As you probably already know, Apple has been collaborating with Standford Medicine for quite some time to conduct studies to improve the Apple Watch. More specifically, what it does is periodically send information related to the heartbeat, in order to be able to detect any type of irregularity in advance, and to be able to remedy it before it becomes serious.
Now, the thing is that they have been carrying out analyzes and studies for quite some time, and today has finally been when the results have been presented in New Orleans, having shared the most relevant through its website.
Apple shares the results of its study in collaboration with Standford Medicine
As we have been able to know, it seems that from Apple they have decided to share the results of his study in collaboration with Stanford Medicine, and, firstly, it is quite curious that have had more than 400.000 participants, making it according to Apple "the largest study of its kind".
In this case, as the researchers have shared, it seems that, of all the participants, 0,5% had some type of heart-related problem, something that is quite good considering that from Apple they alerted the affected users of this problem, so that they could go directly to the nearest medical attention.
Stanford Medicine researchers presented their findings today at the 68th Annual Scientific Session and Expo of the American College of Cardiology. Study results showed that 0.5 percent of the more than 400,000 participants received an irregular heartbeat notification, illustrating the ability of the feature to give the user important health information without creating an unnecessary burden on the exercise program. your doctor.
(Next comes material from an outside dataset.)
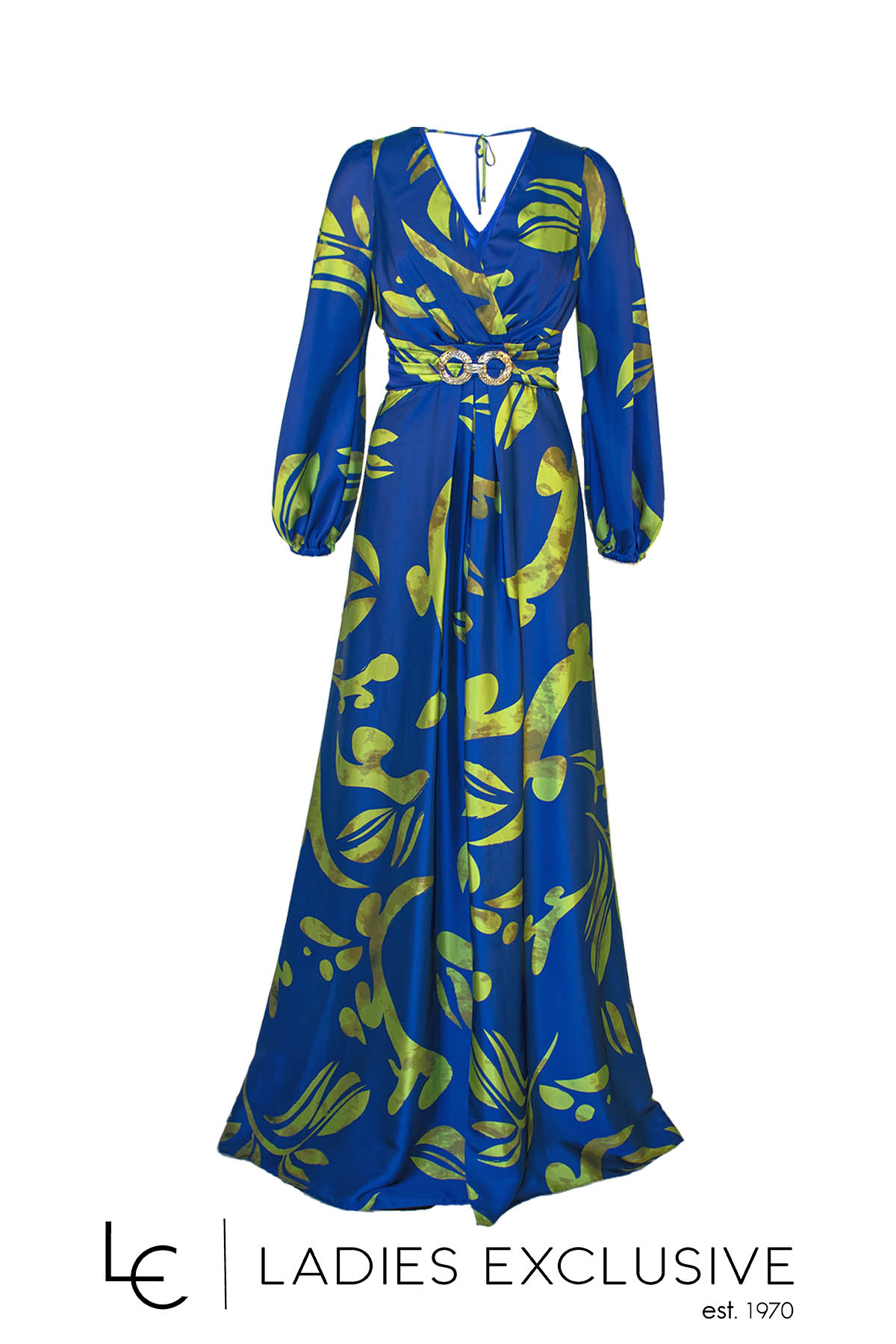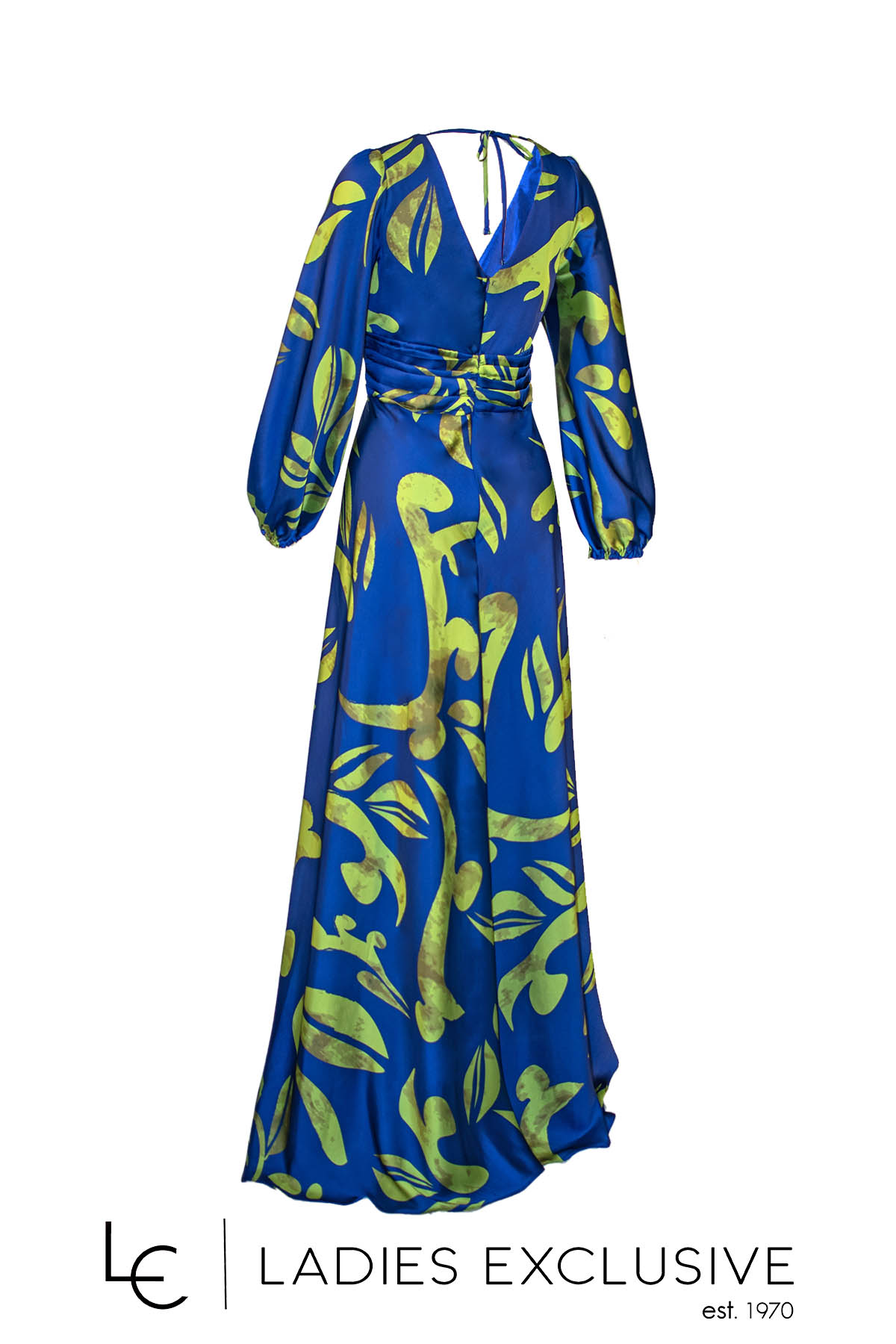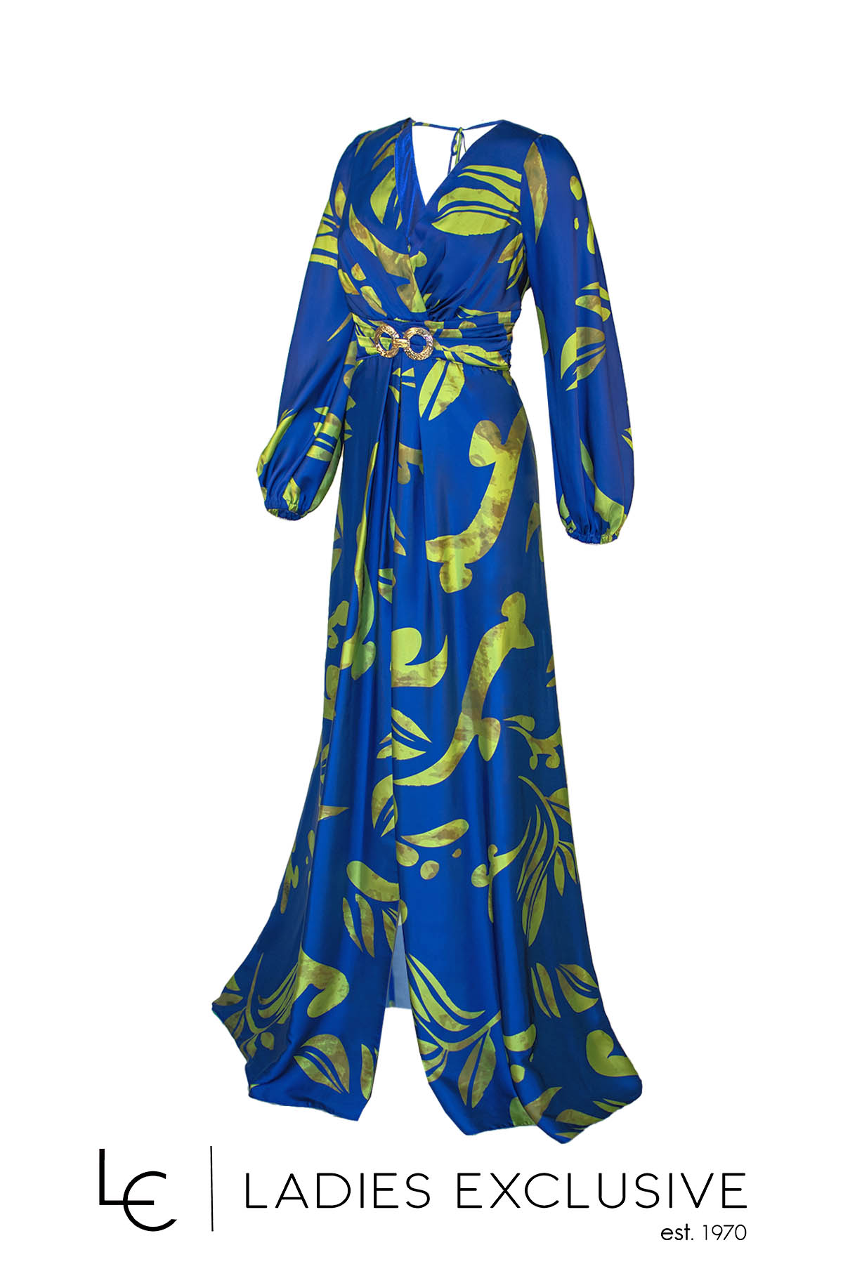 EFFECT Φόρεμα εμπριμέ σατέν μακρύ, με μακρύ μανίκι που έχει λάστιχο στο τελείωμα και μεγάλο σκίσιμο στο μπροστινό μέρος. Στην πλάτη έχει άνοιγμα και ιδιαίτερο δέσιμο.

On the other hand, we have also been able to see that both Apple's COO and the company's VP of Health are quite proud of what they have achieved, as they have shared in the press release in question:
"We are proud to be working with Stanford Medicine as they conduct this important research and we look forward to learning more about the impact of Apple Watch on the medical community," said Jeff Williams, Apple's Chief Operating Officer. "We hope that consumers continue to get actionable and useful information about their heart health through Apple Watch."
"As physicians, we are always trying to find ways to provide patients with health information that is meaningful to them for individualized care," said Sumbul Desai, MD, Apple's vice president of Health. "Seeing that medical research reflects what we are hearing from consumers is positive and we are excited to see Apple Watch helping more consumers in the future as we collaborate with the medical community to further research."